Selective inference is the problem of giving valid answers to statistical questions chosen in a data-driven manner. A standard solution to selective inference is simultaneous inference, which delivers valid answers to the set of all questions that could possibly have been asked. However, simultaneous inference can be unnecessarily conservative if this set includes many questions that were unlikely to be asked in the first place. We introduce a less conservative solution to selective inference that we call locally simultaneous inference, which only answers those questions that could plausibly have been asked in light of the observed data, all the while preserving rigorous type I error guarantees. For example, if the objective is to construct a confidence interval for the "winning" treatment effect in a clinical trial with multiple treatments, and it is obvious in hindsight that only one treatment had a chance to win, then our approach will return an interval that is nearly the same as the uncorrected, standard interval.
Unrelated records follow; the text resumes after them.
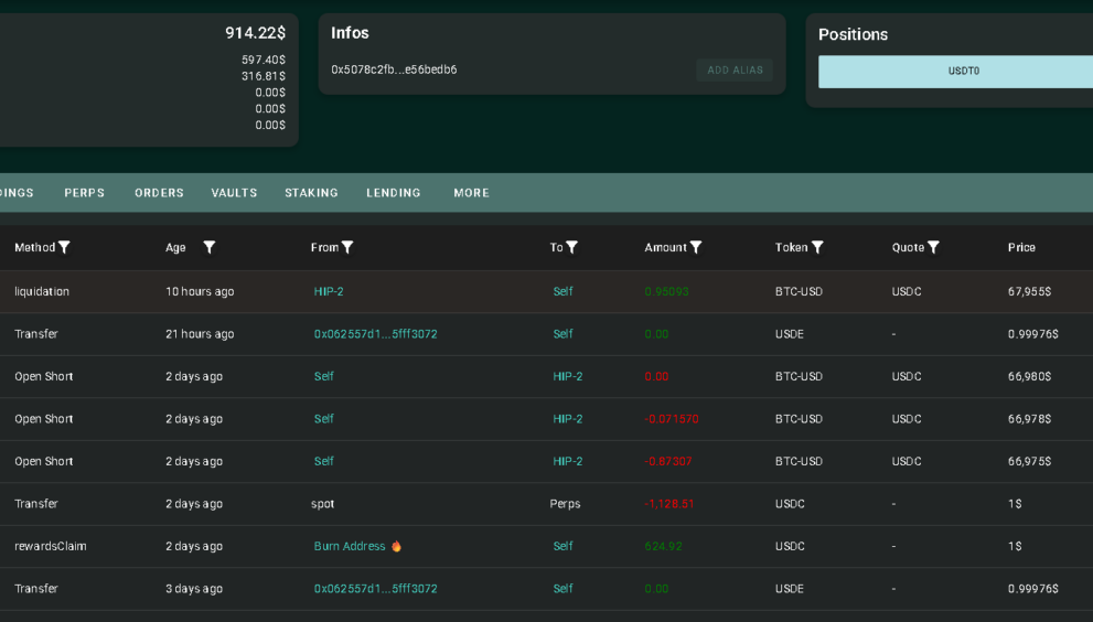 Wynn had been opening 40x leverage short positions on Bitcoin through Hyperliquid since mid-March 2026, with position sizes ranging from $44,000 to $190,000 in notional value. A short position is a bet that the price will fall – so every time Bitcoin rallied instead, Wynn’s positions moved in the wrong direction fast.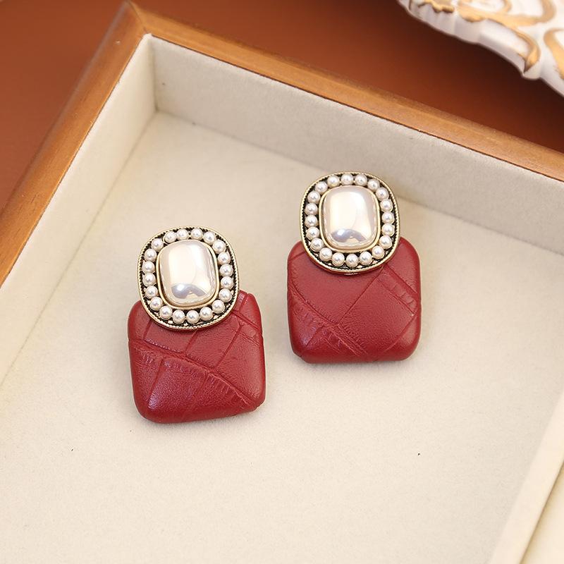 Новые винно-красные кожаные серьги с жемчугом, серьги в литературном ретро-этническом стиле, индивидуальные антикварные серебряные серьги-иглы
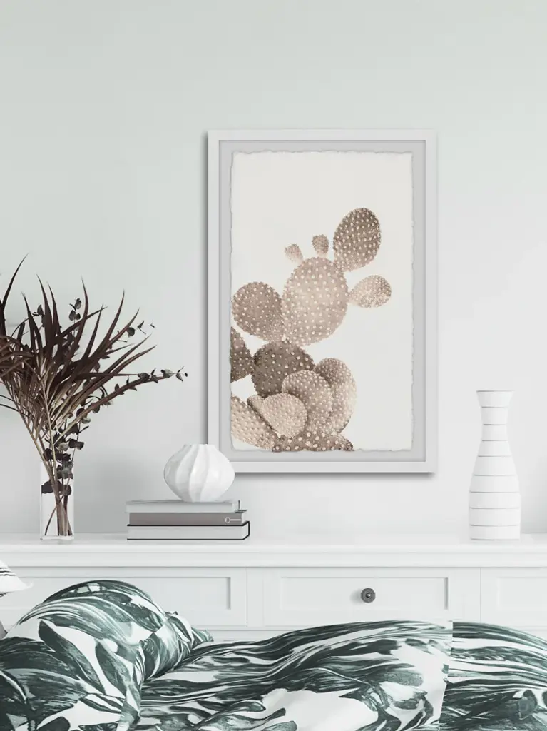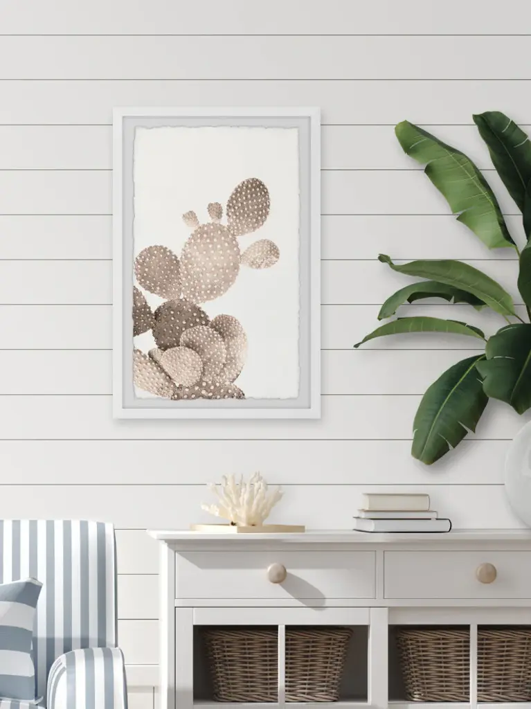 This photographic print features plant life in a new, unique light, featuring a cactus in a muted, beige color scheme. Proudly printed in the USA, this piece is printed on high quality archive paper and professionally hand-framed. With wall-mounting hooks included, this artful accent is ready to hang up as soon as it reaches your front door.- Top quality Giclee print on high resolution Archive Paper- Hand cut deckled edges- High quality durable non-warping frame- Finished under shatter resistant plexiglass- Arrives ready to hang- Includes a certificate of authenticity- Printed in the USA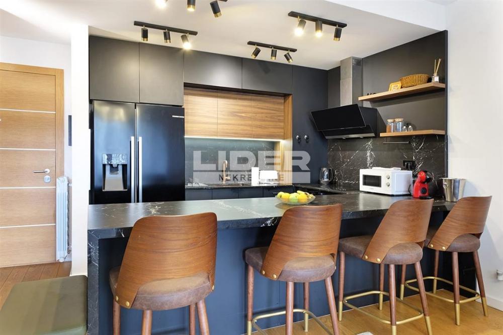 Stan je nov, luksuzno namešten i potpuno opremljen svim detaljima potrebnim za život — od posteljine, posuđa i aparata, do pegle, usisivača i drugih sitnica.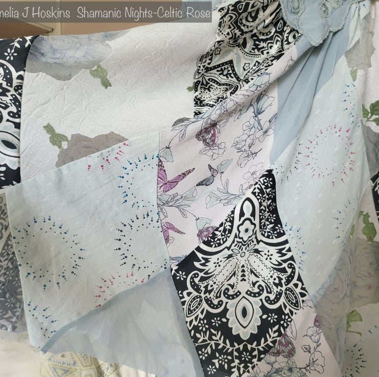 Inspiration was the cotton lace blouse to use as yoke front and back: also pale blue rose devore fabric, matched up with pale blue and pale green fabrics.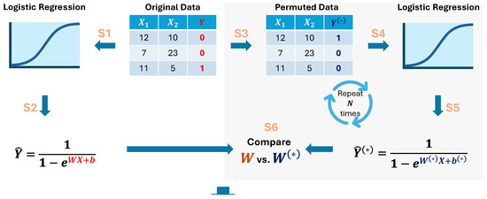 - Coefficient comparison (S6): Compare each coefficient of the permuted model to the coefficient ; here, || > || means that the association between and a randomly shuffled Y is more extreme than the that in the original data. Lastly, the empirical p-value for feature is computed as follows:with being a count function.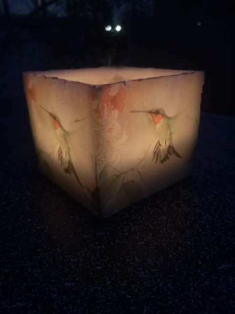 Laternen mit Weihnachtsmotiven, handgegossen, dekoriert und bemalt. Für für echtes Teelicht geeignet.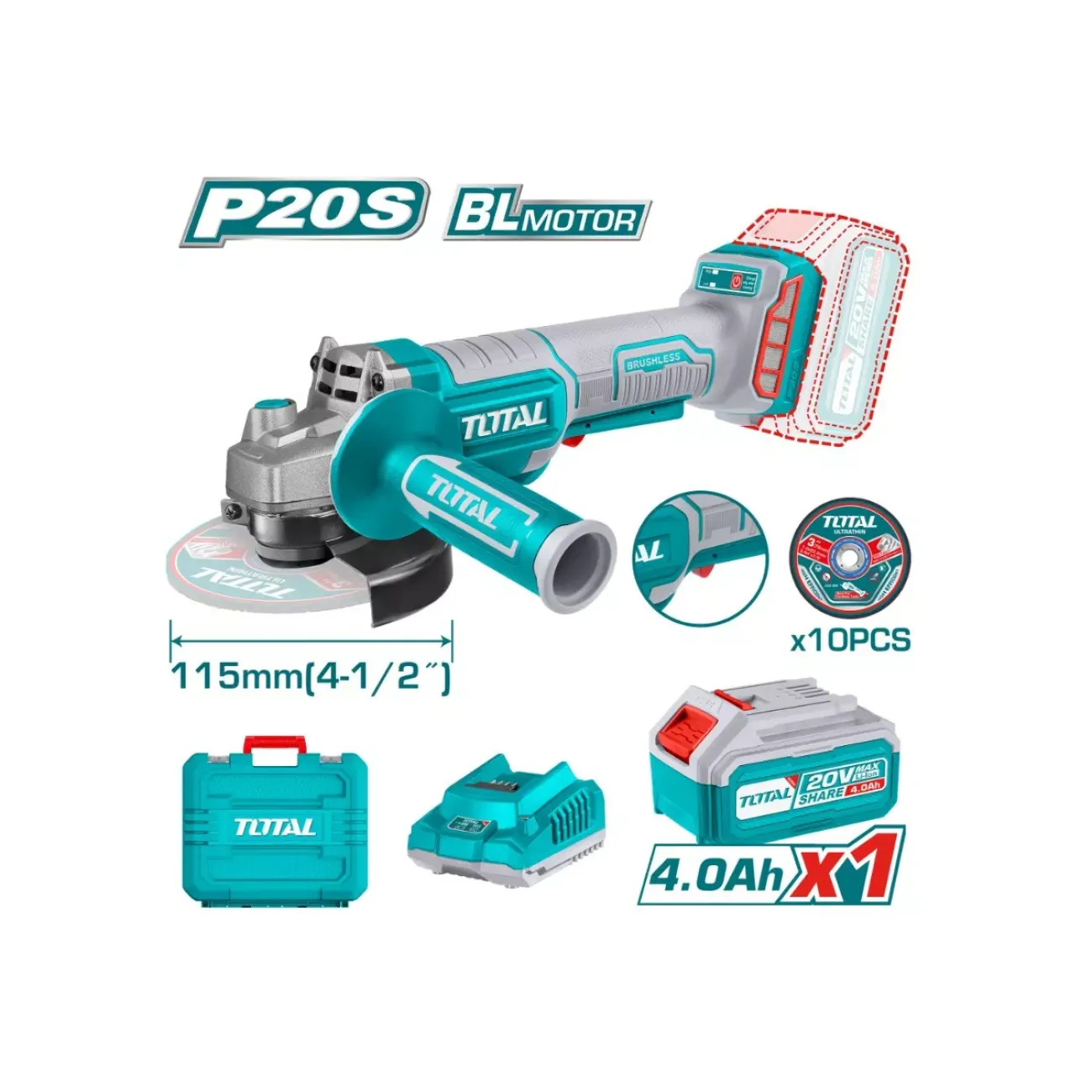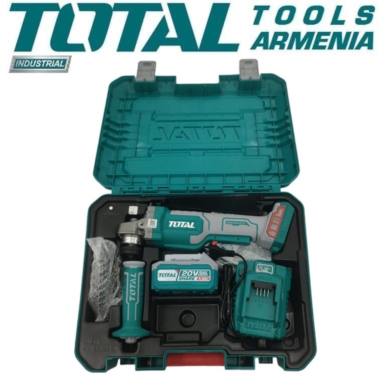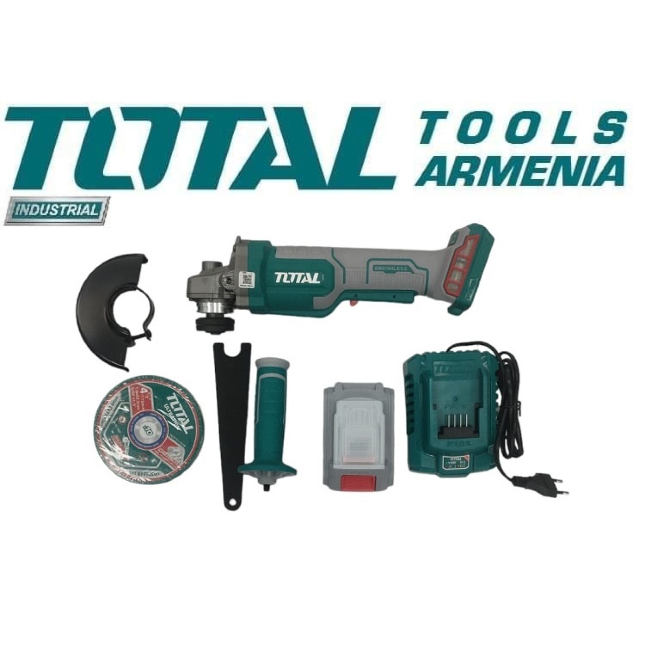 - Մարտկոցով աշխատող անկյունային հղկող մեքենա Total TAGLI2111561- ը օգտագործում է 20 վ մարտկոց, ինչը թույլ է տալիս աշխատել ավելի արագ և հարմարավետ :

Under mild conditions satisfied by common confidence intervals, locally simultaneous inference strictly dominates simultaneous inference, meaning it can never yield less statistical power but only more. Compared to conditional selective inference, which demands stronger guarantees, locally simultaneous inference is more easily applicable in nonparametric settings and is more numerically stable.

翻译：选择性推断是为数据驱动选择的统计问题提供有效答案的难题。同时推断作为其标准解决方案，能为所有可能被提出的统计问题提供有效答案。然而，当问题集合包含大量根本不可能被提出的问题时，同时推断可能会过于保守。我们提出一种更为宽松的选择性推断方法，称为局部同时推断，该方法仅回应依据观测数据具有合理被提出可能性的问题，同时严格保证第一类错误率控制。例如，在针对多种疗法的临床试验中构建"胜出"治疗效果置信区间时，若事后明显看出仅有一种疗法具有胜出可能，我们的方法将返回与未校正标准区间几乎一致的区间。在满足常见置信区间的温和条件下，局部同时推断严格优于同时推断——它永远不会降低统计功效，反而可能提升统计功效。与要求更严格保证的条件性选择性推断相比，局部同时推断更易应用于非参数场景，且具有更好的数值稳定性。